Dataset records:
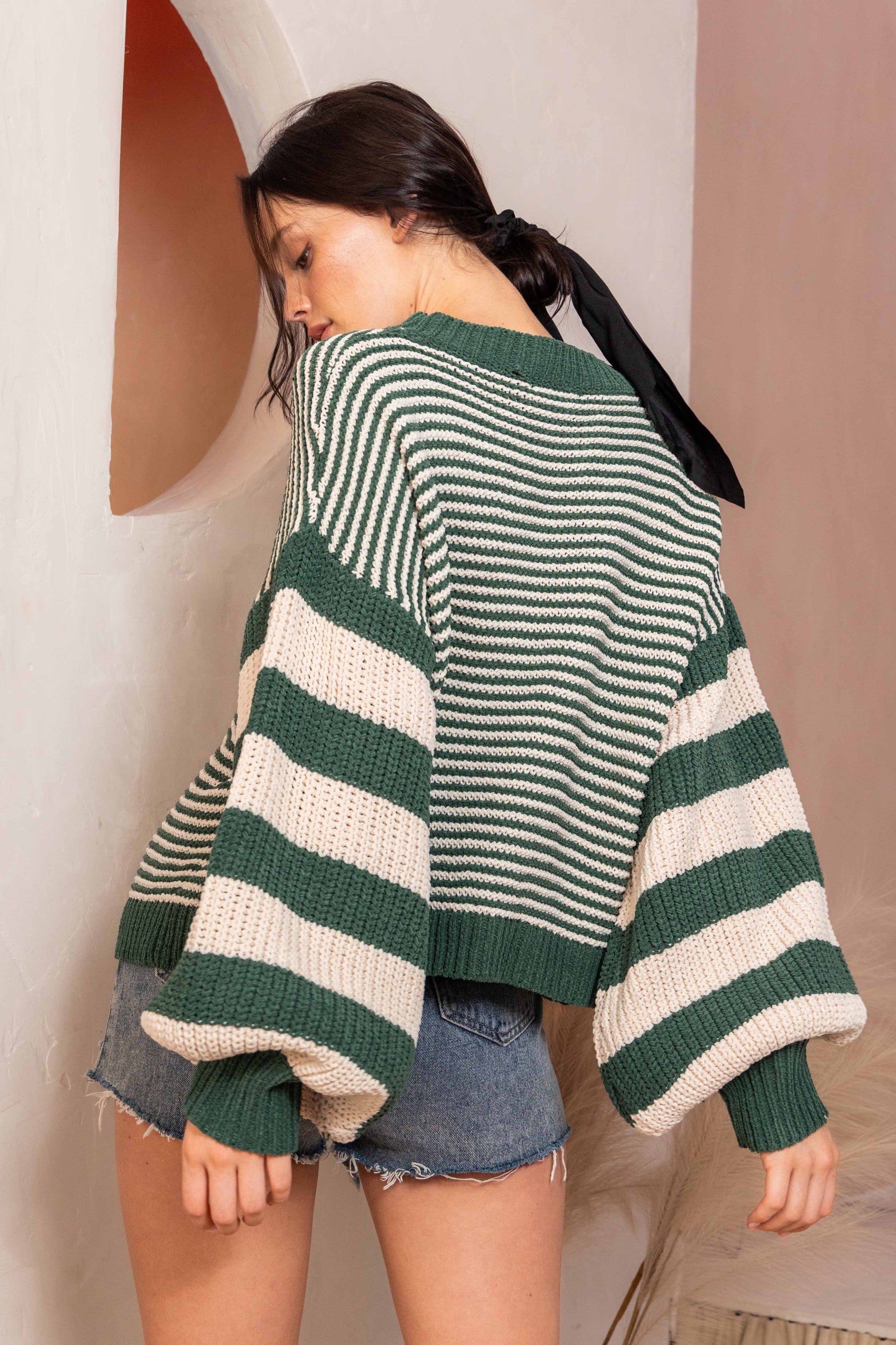 Stay warm and stylish in the Marie Sweater. Crafted from a knit fabric with striped detail, the sweater features balloon sleeves and a rounded ribbed neckline, providing both comfort and style.
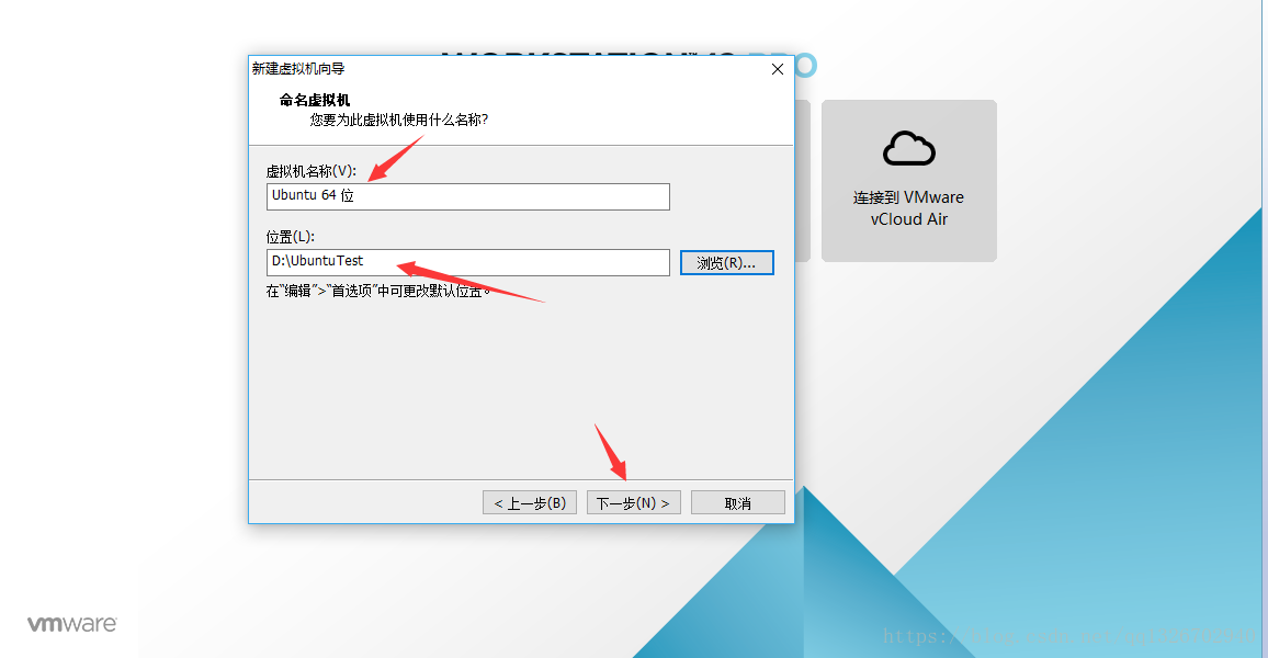 2.5)輸入 虛擬機名稱 和 安裝位置,然后 點擊 下一步
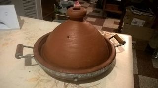 Vends 1 tajine en terre cuite sertie d' un cerclage avec fond en métal pour permettre les cuissons sur plaques électriques et au gaz. Fabrication artisanale, diamètre de 30 cm. En
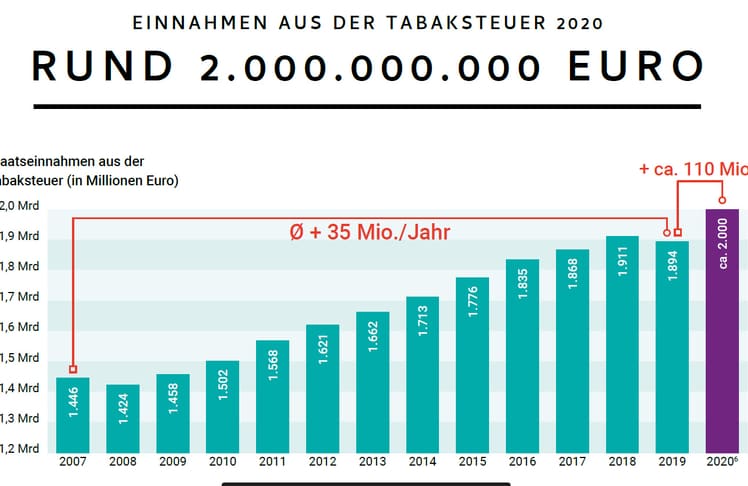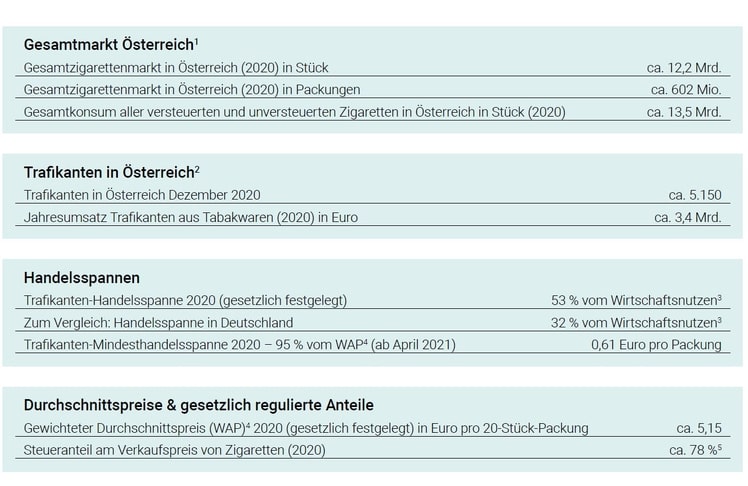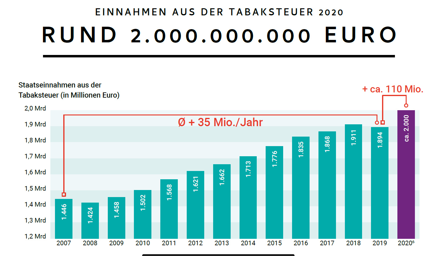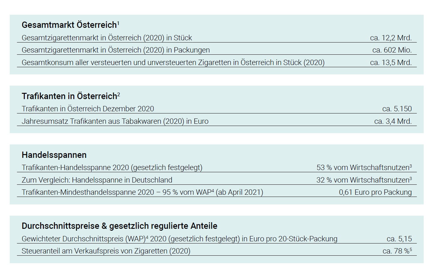 Der österreichische Tabakmarkt zeigt sich inmitten wirtschaftlicher Turbulenzen als stabiler Faktor. Darüber hinaus führte die einmalige Sondersituation der Reisebeschränkungen und geschlossenen Grenzen im Jahr 2020 zu zusätzlichen Umsatz- und Spannenzuwächsen für den Handel. Der Zigarettenabsatz in den 5.150 Trafiken erhöhte sich um rund 500 Millionen Stück auf 12,2 Milliarden. In Kombination mit einer Steuererhöhung brachte dies dem Fiskus ein signifikantes Plus bei den Tabaksteuereinnahmen. Inklusive Mehrwertsteuer hat der Staat 2020 2,6 Milliarden Euro über Zigaretten eingenommen.
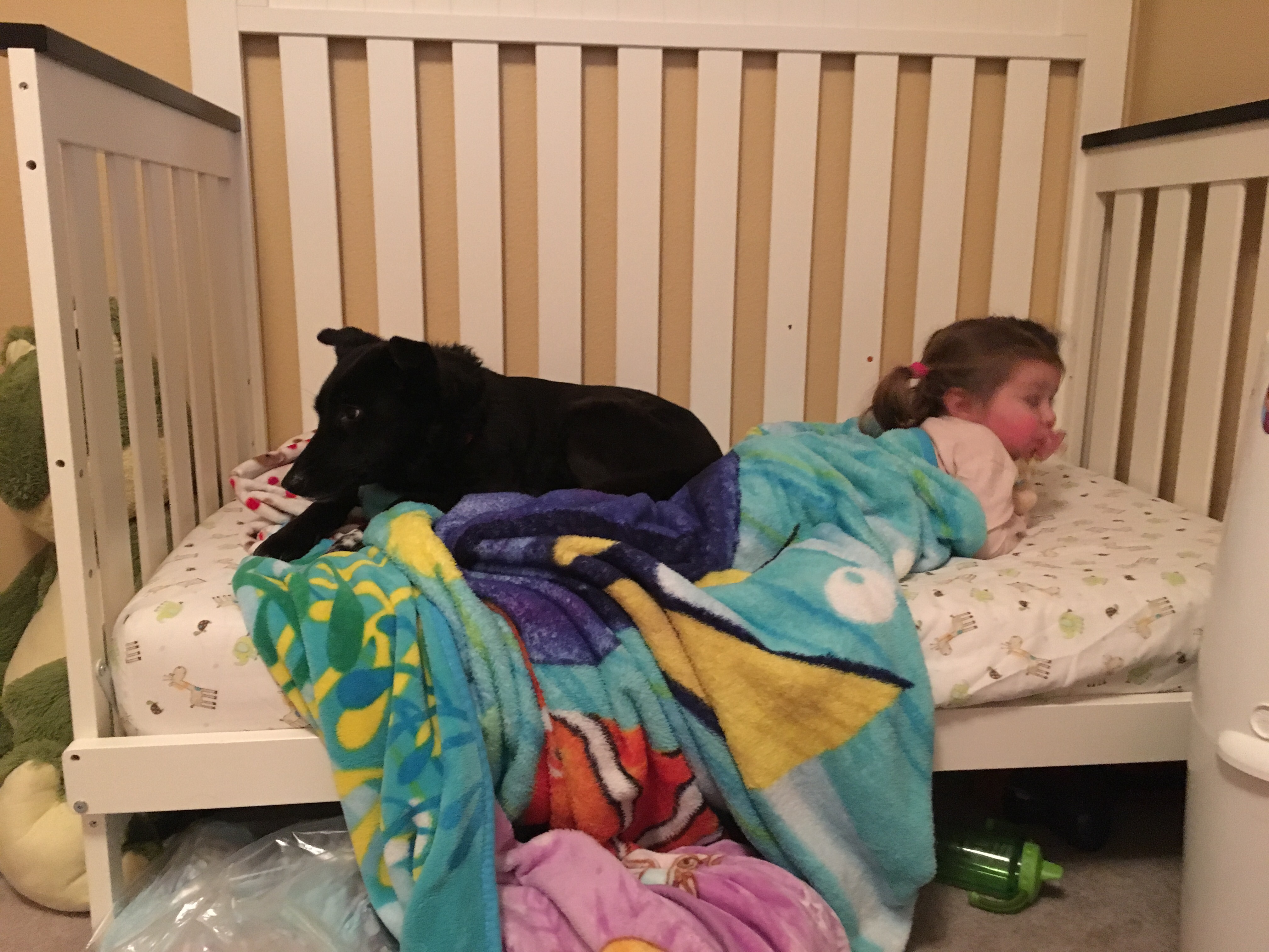 I am not entirely sure what happened here or how I feel about it but I know D and I discussed how R would probably end up sleeping in BB’s bed before too long (way back when she was a teeny tiny baby). R just decided she wanted to cuddle BB (and wake her up!)
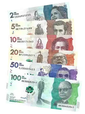- ^ "Billete de 2 mil pesos, 5 pasos para reconocerlo". Banrepgov.co. 15 November 2016. Retrieved 16 October 2017.
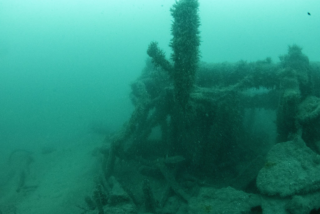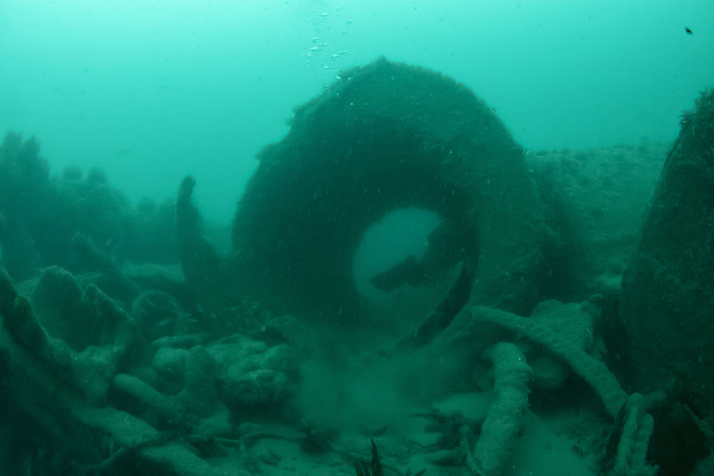Two of the distinguishing features of the Iona II, which were both major technical improvements in their day and which made the wreck worthy of special protection in 1989, are the paddle wheels and the engine. The paddle wheels were 20 ft in diameter and fitted with patent ‘feathering floats’. These allowed the angle of the blades to be adjusted which increased the wheel’s efficiency. The engine was known as an ‘oscillating engine’, an innovation which also made the engine more efficient in operation, allowing for a piston rod to connect directly with the paddle wheel crankshaft. A considerable amount of debris is present in the vicinity of the centrally-positioned engine and of the remains of the two paddlewheels either side of it.
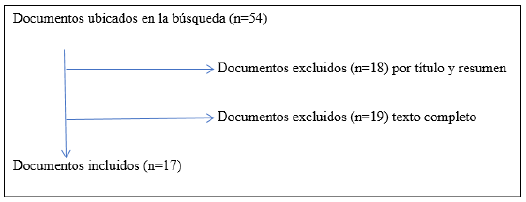 Por lo tanto, el objetivo de este trabajo fue analizar las pautas educacionales que se deben gestionar para garantizar el desarrollo de una cultura de paz en la universidad, para que las relaciones entre los actores universitarios sean basadas en el respeto, la solidaridad y la tolerancia. Se trata de una investigación documental, ya que se analizó un universo de 54 artículos científicos en español, del cual, al utilizar criterios de inclusión y de exclusión, la muestra final quedó de 17 artículos, todos relacionados con el desarrollo de una cultura de paz en el contexto universitario, que mostraran o propusieran acciones educativas para gestionar una cultura de la paz en ese ámbito; los demás artículos se excluyeron por no contener ambas palabras clave ni en el título ni en el resumen (18) y otros por no encontrar pautas o acciones de gestión de una cultura de paz entre los universitarios (19) como se muestra en la ilustración 1.
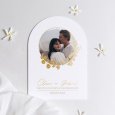Op de trouwkaart La Traviata komt een elegante plantaardige krans jullie favoriete koppel foto verfraaien. Veredeld met goud zal deze eigentijdse compositie op de meest mooie manier jullie aankomende bruiloft aankondigen.
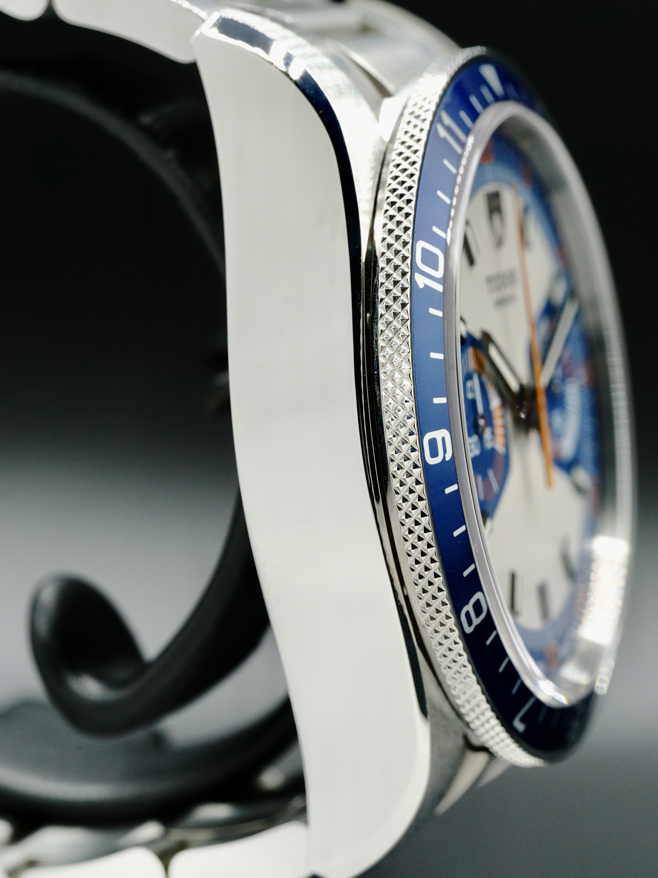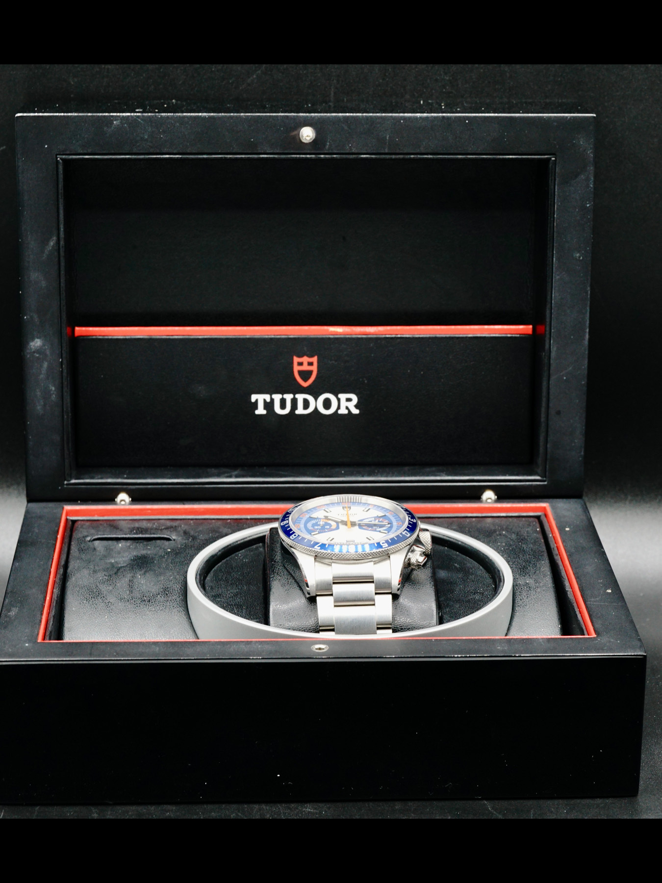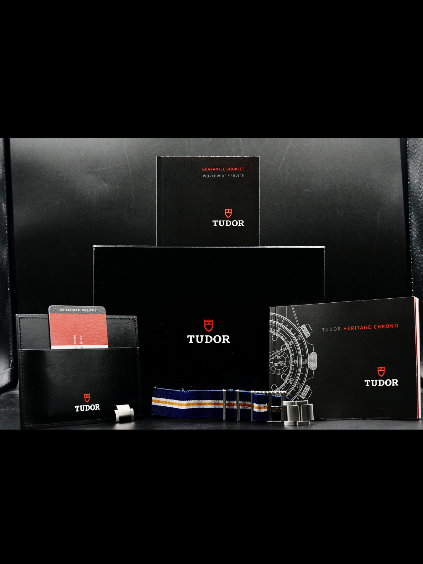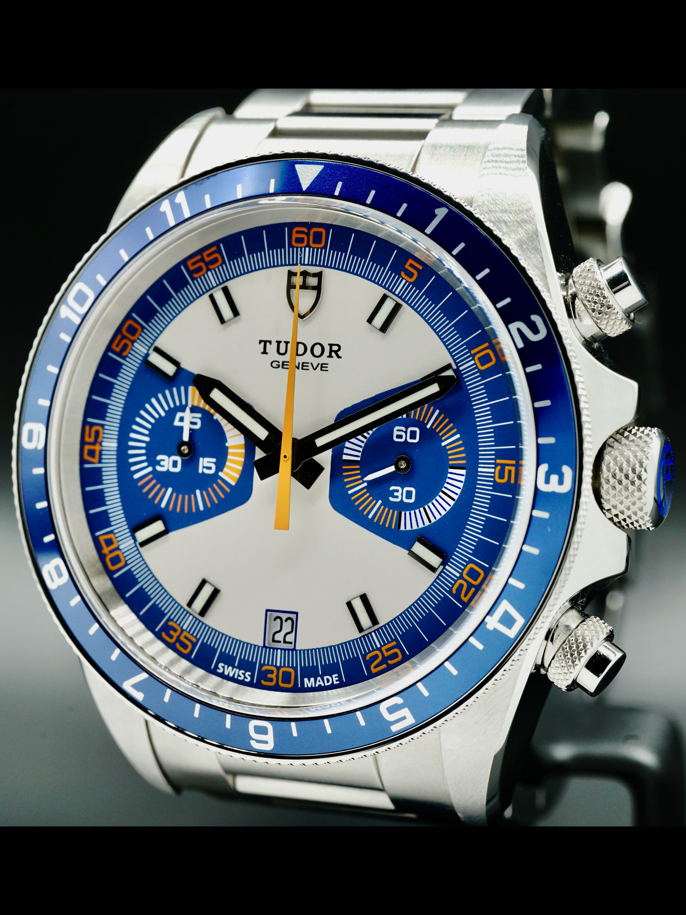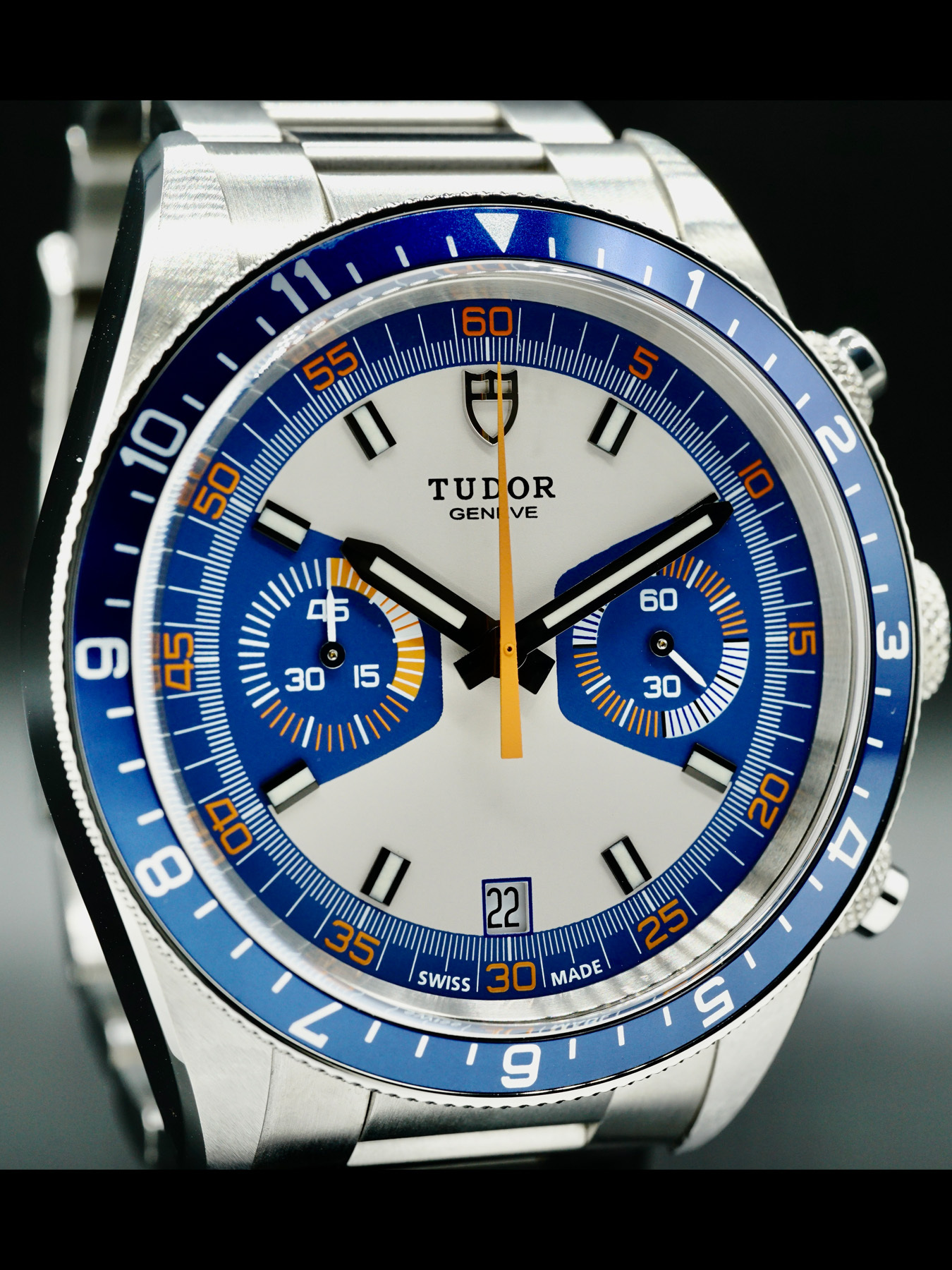 This Tudor Heritage Chrono Blue M70330B-0004 is in EXCELLENT condition. This watch includes its original box, user manual, guarantee booklet, worldwide service booklet, and international guarantee card dated for September 2020. Extra blue/orange fabric strap and stainless steel bracelet links. *Factory sticker on case back.*

Task prompt: Output every entry verbatim. Pictures do not belong in the copy.

Solution for this problem:
 Stay warm and stylish in the Marie Sweater. Crafted from a knit fabric with striped detail, the sweater features balloon sleeves and a rounded ribbed neckline, providing both comfort and style.
 2.5)輸入 虛擬機名稱 和 安裝位置,然后 點擊 下一步
 Vends 1 tajine en terre cuite sertie d' un cerclage avec fond en métal pour permettre les cuissons sur plaques électriques et au gaz. Fabrication artisanale, diamètre de 30 cm. En
 Der österreichische Tabakmarkt zeigt sich inmitten wirtschaftlicher Turbulenzen als stabiler Faktor. Darüber hinaus führte die einmalige Sondersituation der Reisebeschränkungen und geschlossenen Grenzen im Jahr 2020 zu zusätzlichen Umsatz- und Spannenzuwächsen für den Handel. Der Zigarettenabsatz in den 5.150 Trafiken erhöhte sich um rund 500 Millionen Stück auf 12,2 Milliarden. In Kombination mit einer Steuererhöhung brachte dies dem Fiskus ein signifikantes Plus bei den Tabaksteuereinnahmen. Inklusive Mehrwertsteuer hat der Staat 2020 2,6 Milliarden Euro über Zigaretten eingenommen.
 I am not entirely sure what happened here or how I feel about it but I know D and I discussed how R would probably end up sleeping in BB’s bed before too long (way back when she was a teeny tiny baby). R just decided she wanted to cuddle BB (and wake her up!)
- ^ "Billete de 2 mil pesos, 5 pasos para reconocerlo". Banrepgov.co. 15 November 2016. Retrieved 16 October 2017.
Two of the distinguishing features of the Iona II, which were both major technical improvements in their day and which made the wreck worthy of special protection in 1989, are the paddle wheels and the engine. The paddle wheels were 20 ft in diameter and fitted with patent ‘feathering floats’. These allowed the angle of the blades to be adjusted which increased the wheel’s efficiency. The engine was known as an ‘oscillating engine’, an innovation which also made the engine more efficient in operation, allowing for a piston rod to connect directly with the paddle wheel crankshaft. A considerable amount of debris is present in the vicinity of the centrally-positioned engine and of the remains of the two paddlewheels either side of it.
 Por lo tanto, el objetivo de este trabajo fue analizar las pautas educacionales que se deben gestionar para garantizar el desarrollo de una cultura de paz en la universidad, para que las relaciones entre los actores universitarios sean basadas en el respeto, la solidaridad y la tolerancia. Se trata de una investigación documental, ya que se analizó un universo de 54 artículos científicos en español, del cual, al utilizar criterios de inclusión y de exclusión, la muestra final quedó de 17 artículos, todos relacionados con el desarrollo de una cultura de paz en el contexto universitario, que mostraran o propusieran acciones educativas para gestionar una cultura de la paz en ese ámbito; los demás artículos se excluyeron por no contener ambas palabras clave ni en el título ni en el resumen (18) y otros por no encontrar pautas o acciones de gestión de una cultura de paz entre los universitarios (19) como se muestra en la ilustración 1.
Op de trouwkaart La Traviata komt een elegante plantaardige krans jullie favoriete koppel foto verfraaien. Veredeld met goud zal deze eigentijdse compositie op de meest mooie manier jullie aankomende bruiloft aankondigen.
 This Tudor Heritage Chrono Blue M70330B-0004 is in EXCELLENT condition. This watch includes its original box, user manual, guarantee booklet, worldwide service booklet, and international guarantee card dated for September 2020. Extra blue/orange fabric strap and stainless steel bracelet links. *Factory sticker on case back.*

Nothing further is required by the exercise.